All 27 Members Approved MiCA Rules for Crypto Regulations
The MiCA bill suffered multiple delays, but was deemed necessary, especially after the FTX collapse. Finally, last month it received approval from EU members.
And on Tuesday, all 27 finance ministers cast their final votes in favor of the MiCA law.
According to the IB Times, the rules are particularly aimed at closing the loopholes in the system that allow avoiding taxes. Sweden’s Finance Minister, Elisabeth Svantesson, says, “This reduces the risk of crypto assets being used as a safe haven for tax avoidance and tax fraud.”
The implementation of MiCA legislation will start in July 2024.
Gary Gensler: Rules for Crypto Already Published
While the EU and other major countries are towards clear crypto regulation, the Securities and Exchange Commission (SEC) is unwilling to prepare specific guidelines.

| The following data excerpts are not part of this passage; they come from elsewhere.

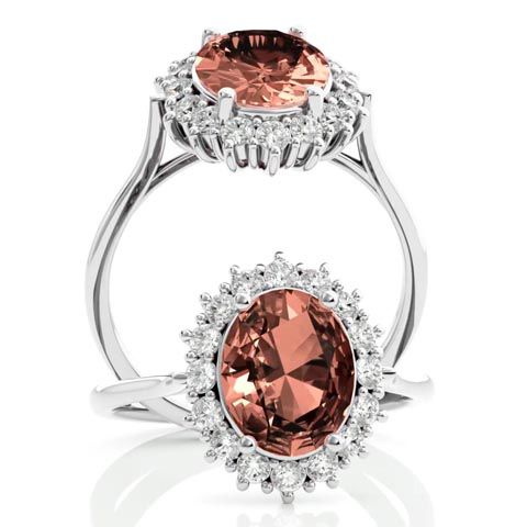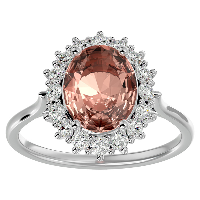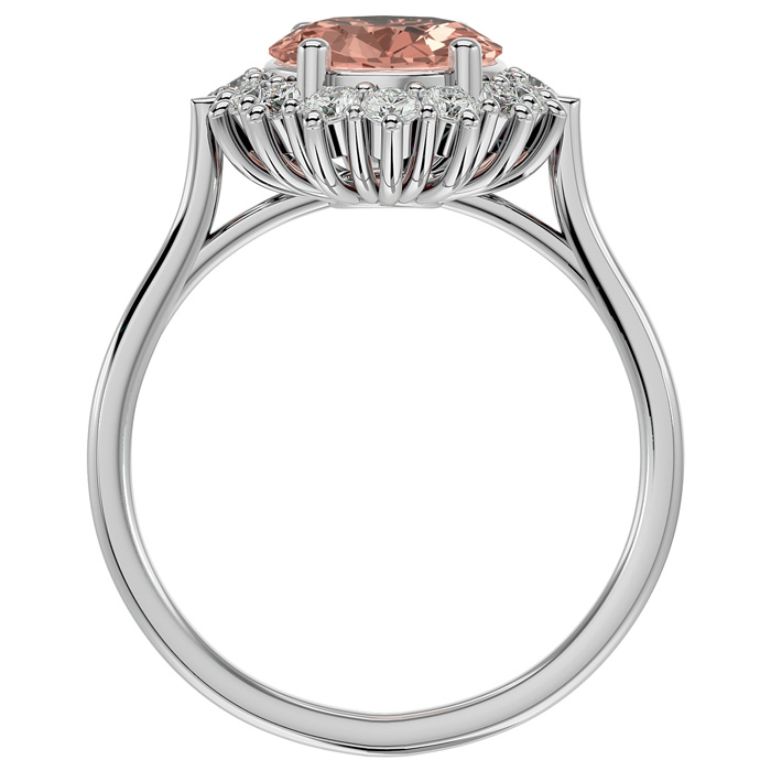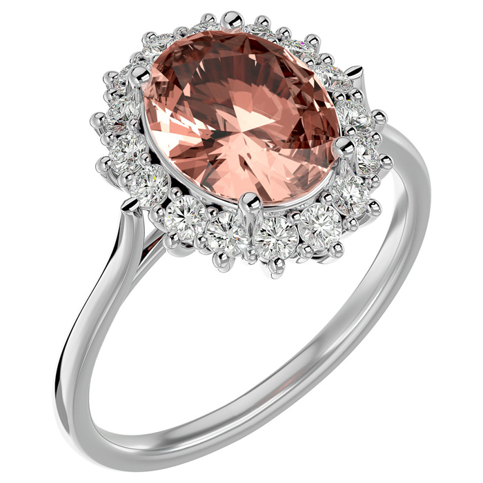 2-3/4 Carat Oval Shape Morganite and Halo Diamond Ring In 14 Karat White Gold
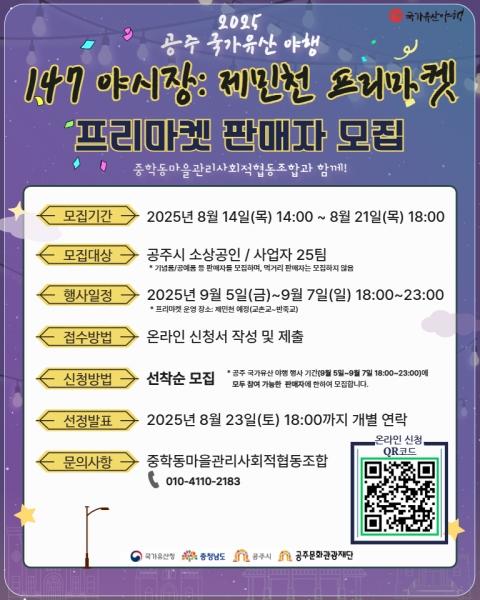 공주 국가유산 야행 147 야시장을 진행하는 중학동마을관리사회적협동조합 정철수 이사장은 “공주 왕도심을 대표하는 행사인 공주 국가유산 야행의 147 야시장: 제민천 프리마켓은 시민과 관광객에게 큰 인기를 받는 프로그램 중 하나”며 “지역 소상공인들이 정성껏 준비한 상품을 소개할 수 있는 절호의 기회인 만큼, 적극적인 참여를 기대한다”고 말했다.
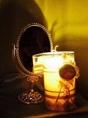サイズ感のあるキャンドルにリボンやラインストーンを飾り
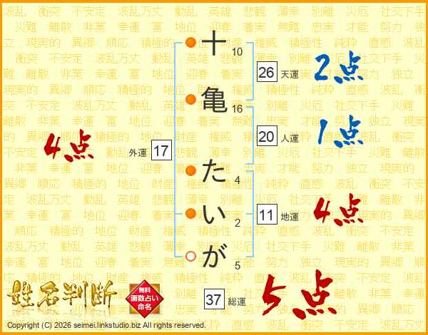 十(10画)亀(16画) た(4画)い(2画)が(5画)
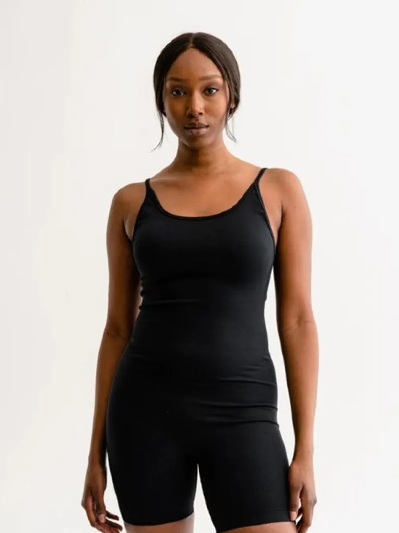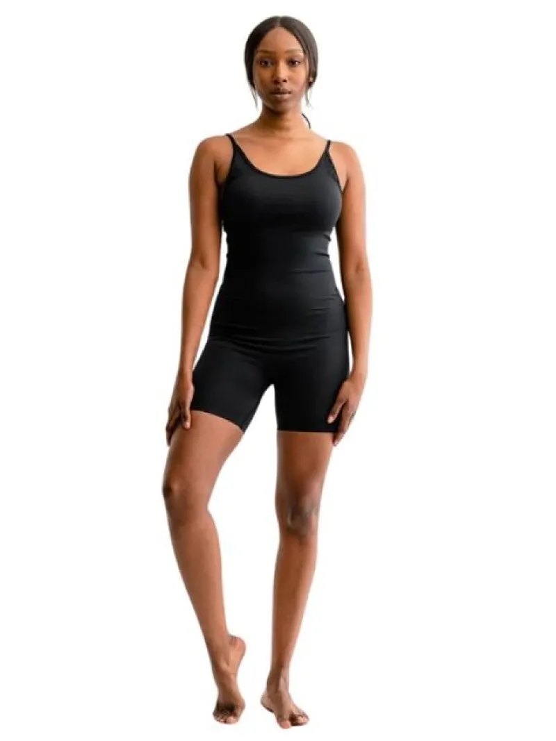 Sort kort sømløs Izzy jumpsuit med tynde justerbare skulderstropper. Rib struktur der giver en lækker og behagelig følelse. Rund halsudskæring og dybere i ryggen. Brug den til en pilates-session, til hotyoga eller alle former for yoga og træning. Kan også være cool som hverdagsbrug for et sporty look. Nem at hoppe i og tage af.
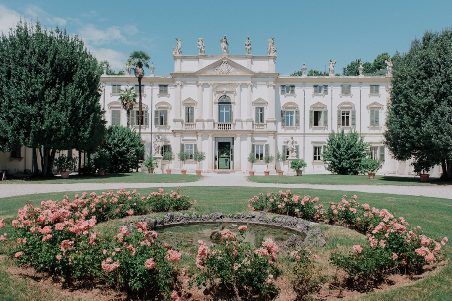 The neoclassical white facade showcases a tympanum adorned with statues from Greco-Roman mythology, standing with their whiteness against the lush greenery of the surrounding vegetation. The majestic building consists of a central body, with a slightly advanced block in the middle compared to the lateral sides, characterized by different orders: Doric with entablature on the ground floor, Ionic on a pedestal on the upper floors. This is the main villa, which expands with two perpendicular wings that served to conceal the view of the rural buildings and the cellar, separating the residential part from the productive one.
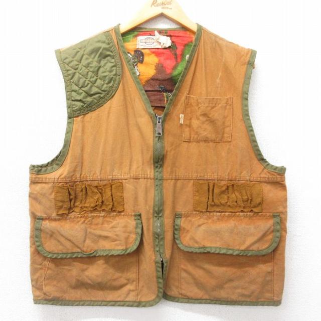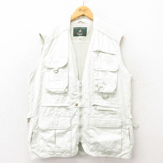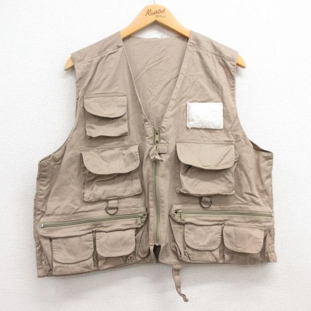 古着 フィッシング ベスト メンズ コットン 濃ベージュ カーキ Lサイズ 中古 アウター 中古 古着
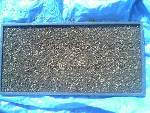 いよいよ種蒔きです。まず苗箱に土を入れます。1箱に80〜90g蒔きました。種籾はかなり
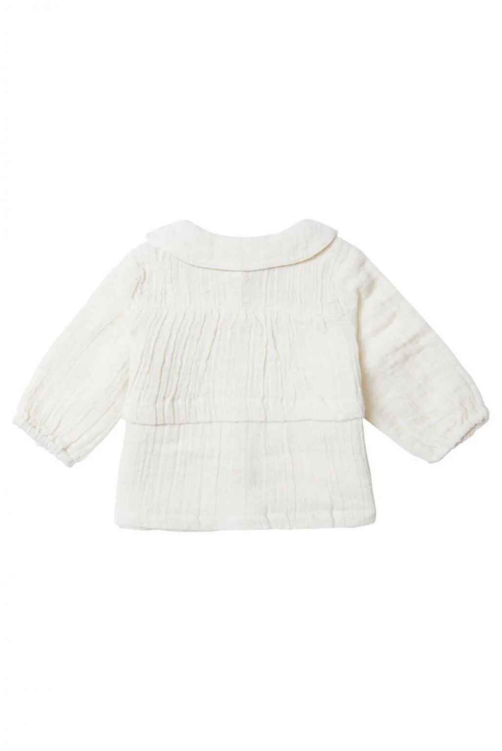 La blouse Crown de Noppies est un adorable haut à volants avec un col rond et des poignets élastiques. Son tissu en mousseline texturée lui apporte une touche encore plus charmante ! Confectionnée en coton léger et respirant, elle est parfaite pour une tenue en superposition ou pour les journées très chaudes.
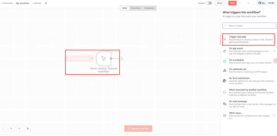 为方便测试,先选择手动触发方式(Trigger manually),后续可根据实际需求替换为定时触发、API触发等。
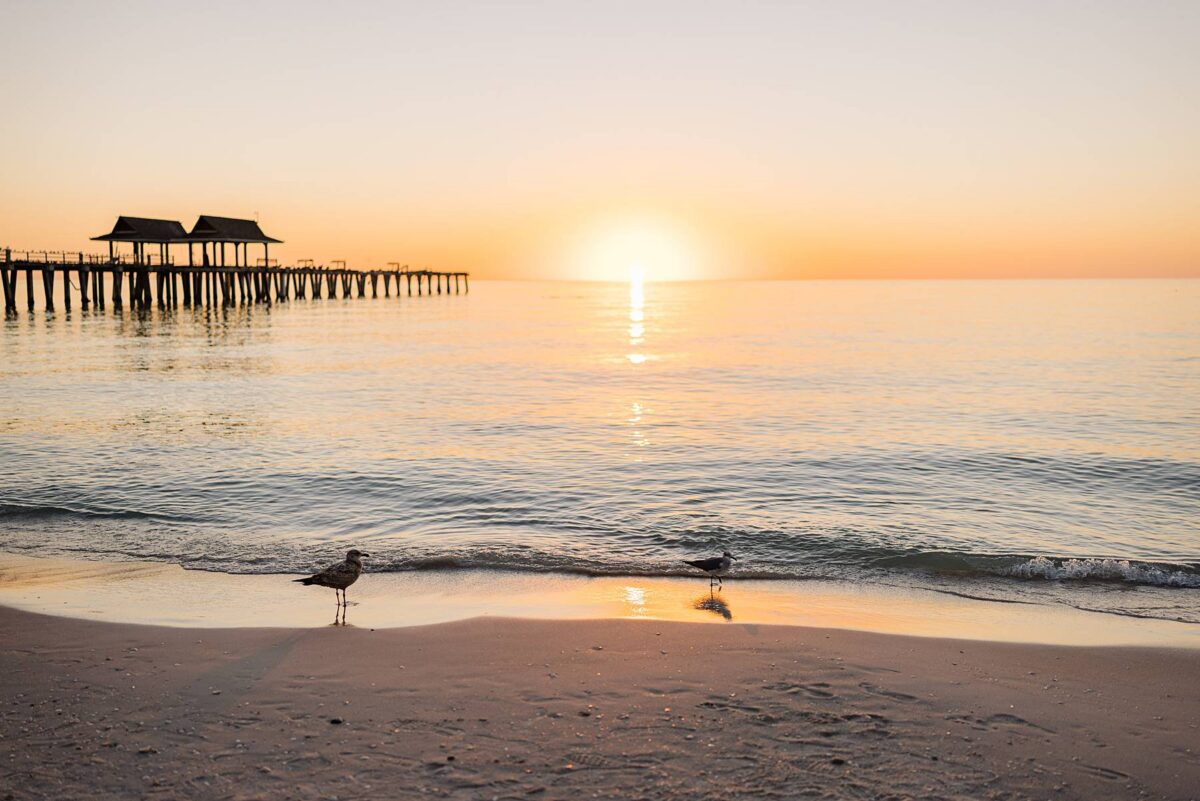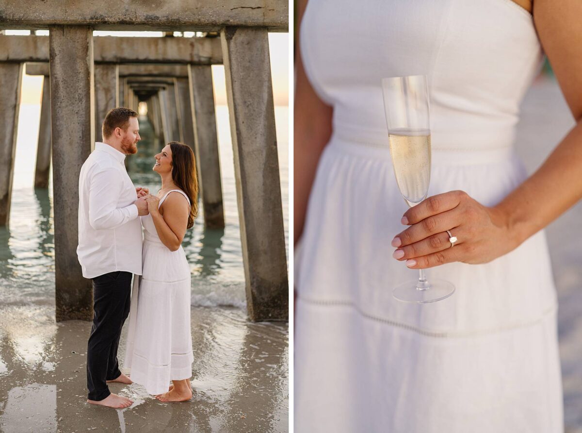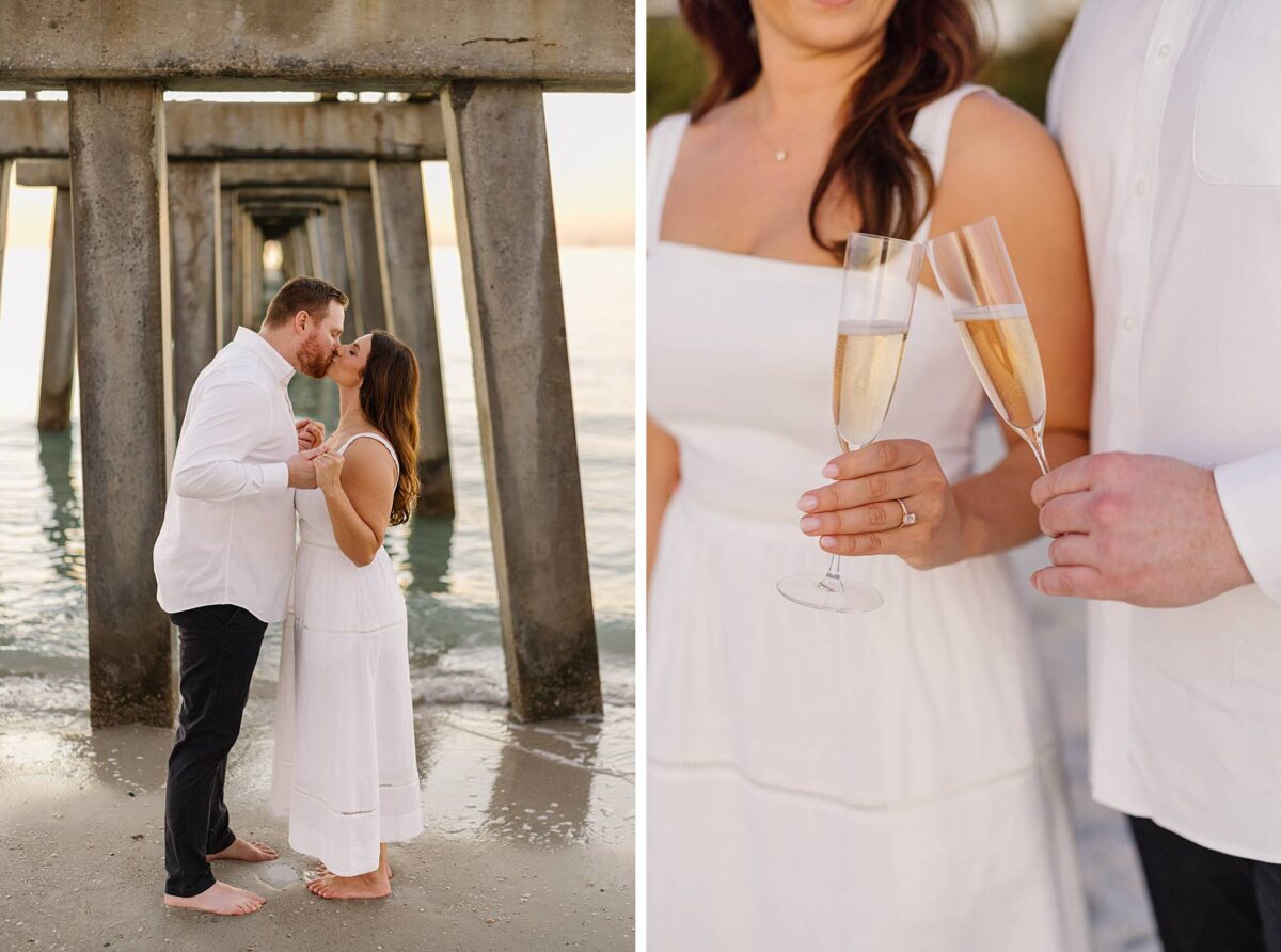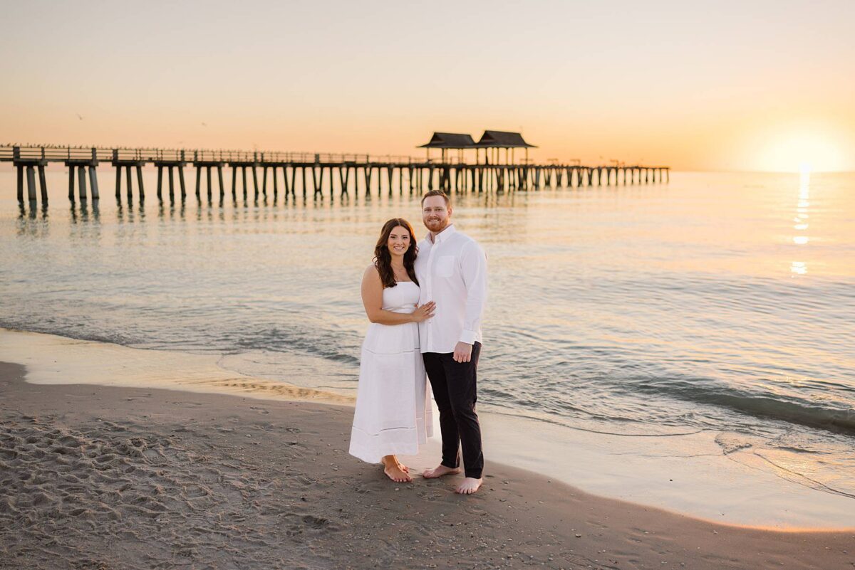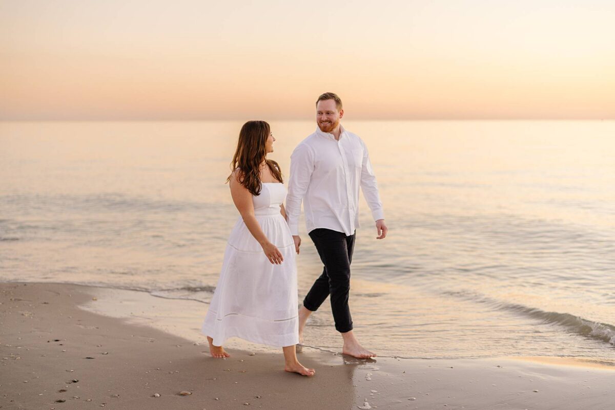 As the sun began to set, we made our way to the beach. Golden hour in Florida never disappoints, and this sunset was straight out of a dream. The sky glowed in soft pink and blue pastels while gentle waves rolled onto the shore. Photographing Jessica and Jordan as they walked along the water’s edge, completely soaking up this season as fiancés, was effortless and so much fun! We’ve loved getting to know these two, and had the best time chatting throughout their session. They first met through mutual friends, fell in love, and Jordan proposed at The Ritz-Carlton in Naples on a hot summer day. We truly can’t imagine a more breathtaking setting for a proposal. Of course Jessica said yes, and in a sweet full-circle moment they celebrated with tacos at the very same place they went to for their first date!

In a conversation with Tom Barkin, the President of the Federal Reserves Bank of Richmond, SEC chair Gary Gensler affirmed that rules for crypto are already published. He said:
“Our agency has put out rules about what it is to be an exchange, what it means to be a broker-dealer, what it is to be an adviser of custody and assets, and how to register a securities offering.
Those rules exist, and there’s nothing about a new technology that makes it non-consistent with the public policies that Congress has laid out.”
Earlier today, BeInCrypto reported that the SEC refused Coinbase’s request for specific guidelines on crypto regulations. The SEC’s response came after the court ordered it to answer Coinbase’s appeal on May 4.